The Liberal Party’s election platform released on Sunday confirms that the Liberals aren’t concerned about the size of the deficit and growing debt, but are instead very comfortable hiding behind the fiction “of investments for the future” to justify new spending and tax cuts. Their platform proposes new initiatives totaling $4.1 billion in 2020-21, $8.3 billion in 2021-22, $9.3 billion in 2022-23 and $9.7 billion in 2023-24, thereby adding $31.5 billion to the federal debt. Using the Parliamentary Budget Office (PBO) baseline forecast this results in a deficit of $27.4 billion in 2020-21, $23.7 billion in 2021-22, $21.8 billion in 2022-23 and $21.0 billion in 2023-24.
It wasn’t too long after the 2015 election that the Liberals abandoned their commitment to balancing the budget in 2019-20. Falling oil prices and slower-than-expected economic growth, together with their 2015 election promises, made any pledge to a balanced budget over the medium term impossible. They quickly shifted their fiscal anchor to a steadily declining debt-to-GDP ratio. This modified goal was achieved in all their budgets.
But even this anchor is not without substantial risks.
Under the Liberals’ policy platform, the debt-to-GDP ratio remains at 30.9% for two years, 2019-20 and 2020-21, actually increases ever so slightly to 31% in 2021-22 and remains at that ratio until 2022-23. Only then does it start to fall very slowly. It wouldn’t take much to throw this track off.
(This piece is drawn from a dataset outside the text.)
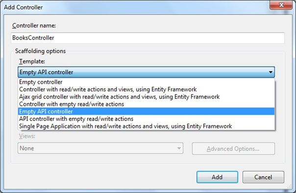 In the Add Controller wizard, name the controller BooksController. In the Template dropdown list, select Empty API Controller. Then click Add.

First, for example, are the significant risks to the economic outlook. The risks to the economy and the fiscal framework have increased significantly since the Parliamentary Budget Officer (PBO) presented his status quo forecasts for platform planning purposes. These risks include trade tensions between the United States and China, military tensions in the Middle East, slowing economic growth in Europe and other advanced economies, Brexit, no ratification of the revamped NAFTA by the US Congress or Canadian Parliament, among others.
Each of the Liberals’ past four budgets included a $3 billion risk adjustment factor or Contingency Reserve. This was included to offset potential adverse risks to the deficit forecast. No such reserve is included in the Party’s platform projections released this week. If a contingency reserve were added, as it should be, the deficit would reach $30.4 billion in 2020-21 and $24 billion in 2023-24.
Second, the Liberal platform includes some revenue raising measures, which under accepted budget accounting rules should be excluded. The Platform proposes savings of $2 billion in 2020-21 rising to $3.5 billion in 2023-24 from a review of spending and tax expenditures. In past budgets savings from such exercises were never booked until the savings were secured. Experience has clearly shown that the savings were often not realized. For example, Stephen Harper booked efficiency savings upfront, yet many of these savings were not realized or yet to be realized: for example the implementation of a new payroll system for federal public servants, which, as is now widely recognized, has become a nightmare for his successors. As such, it is premature to book possible savings from this “review” now. Excluding these from the deficit calculation results in a deficit of $29.4 billion in 2020-21 and $24.5 billion in 2023-24.
The Liberal Party Platform also assumes net proceeds from the completion of the Trans Mountain Pipeline expansion project. Again, such proceeds should not be booked until the project is completed and net proceeds are forthcoming. Furthermore, the estimated cost of $3 billion for planting 2 billion trees over the next ten years was not included, as it was assumed that revenues coming from the Trans Mountain pipeline would offset this cost. Again, it is premature to make these assumptions. This would add $300 million to the deficit in 2020-21, rising to $800 million in 2023-24. This would give a deficit of $29.7 billion in 2020-21 and $25.3 billion in 2023-24.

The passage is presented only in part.